Alex Face Detector
This project is a custom R-CNN to develop bounding box object detection.
There are 4 key components
- Generate ground truths: Label the images
- Generate a dataset: Take ground truth labels and form a dataset from it
- Transfer learning: Use pre-existing weights of VGG16 imagenet and customise it to this dataset
- Predict: Use the trained model to make predictions on incoming images
How to set up the right environment to run the program
- Make sure you have python installed, use the following link https://www.python.org/downloads/
- How to get started with python https://www.python.org/about/gettingstarted/
- How to set up your requirements with requirements.txt https://stackoverflow.com/questions/7225900/how-can-i-install-packages-using-pip-according-to-the-requirements-txt-file-from
Okay you're now set with the right environment let's get this show on the road!
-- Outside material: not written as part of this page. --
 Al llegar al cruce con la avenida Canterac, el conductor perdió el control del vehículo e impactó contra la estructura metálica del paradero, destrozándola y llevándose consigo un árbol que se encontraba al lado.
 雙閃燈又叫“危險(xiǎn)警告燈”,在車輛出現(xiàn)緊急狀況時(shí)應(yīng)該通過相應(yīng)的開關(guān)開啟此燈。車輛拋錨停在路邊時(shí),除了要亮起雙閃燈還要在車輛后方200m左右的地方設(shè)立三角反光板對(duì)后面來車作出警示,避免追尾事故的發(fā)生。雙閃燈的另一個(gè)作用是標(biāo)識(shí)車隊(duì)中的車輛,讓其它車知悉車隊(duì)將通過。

Make your current working directory when running scripts the same as the one readme.md (this file) is stored in Psst you can check using os.getcwd()
- Take a bunch of photos of your face and drop them into the path "1. Data Gen\1. Data"
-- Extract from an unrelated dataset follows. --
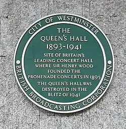- ^ The Queen's Hall had contained few memorials. In 1922 a bust by Malvina Hoffman of the tenor Gervase Elwes was placed in a special alcove at the back of the grand circle. In 1935 a memorial tablet to the pianist Fanny Davies was unveiled near the Elwes bust. Another memorial tablet was placed in memory of Robert Newman. These were all destroyed in the bombing. The bust of Wood that survived the destruction of the hall was by Donald Gilbert, unveiled in 1938 by Sir Walford Davies as part of the celebration of Wood's fifty years as a conductor. Its site was at the back of the Promenade floor. It is now on display at the Royal Academy of Music, except during Proms seasons, when it occupies a central position overlooking the orchestra at the Royal Albert Hall.[87]

- Run the python script "1. Data Gen\create_ground_truth_bounding_box.py" this is a labelling tool that can enable you to label data.
- Assumption 1: Every image name is unique
- Assumption 2: There is only one object in a frame at a time
- Note 1: It will resize your images to fix the screen hence it will have much lower resolution so that I have to do less programming.
- Note 2: It will run through all of those files that do not have a corresponding .csv file (hence they are assumed not to have been labelled). If you want to re-label them
- Look at the tutorial image below to label images.
- Now that all your images are labeled lets we'll need to generate a dataset of smaller sections of the image to train the image classifier on. Run the python script "1. Data Gen\generate_data_set_labels.py" to select thousands of bounding boxes of interest based upon cv2's fast selective search function. This will have very few foreground labeled images (what i've specifed as an IOU of 90%). This script will take a while to run because it's not optimised.
- Time for training the classifier! Run the python script "2. R-CNN\transfer_learning_classifier.py", depending upon your dataset size it could take a very long time, my dataset was 4000 images and it took me 5 hours to run.
- Note: Memory was an issue so i've limited the dataset size to 4000 labels images with a batch size of 8, this may need to change for your machine
- Time to do some predictions, everything should be trained and ready to go. Put some more unseen images into "1. Data Gen\2. Data for Predictions" and it will loop through and try do some predictions. Heads up it takes quite a while to run through the thousands of regions of interest generated by cv2's selective search function.
- Note: The output of each prediction is saved in "1. Data Gen/3. Data From Predictions" and saved as a pickle file (.p file extension)
There you have it folks!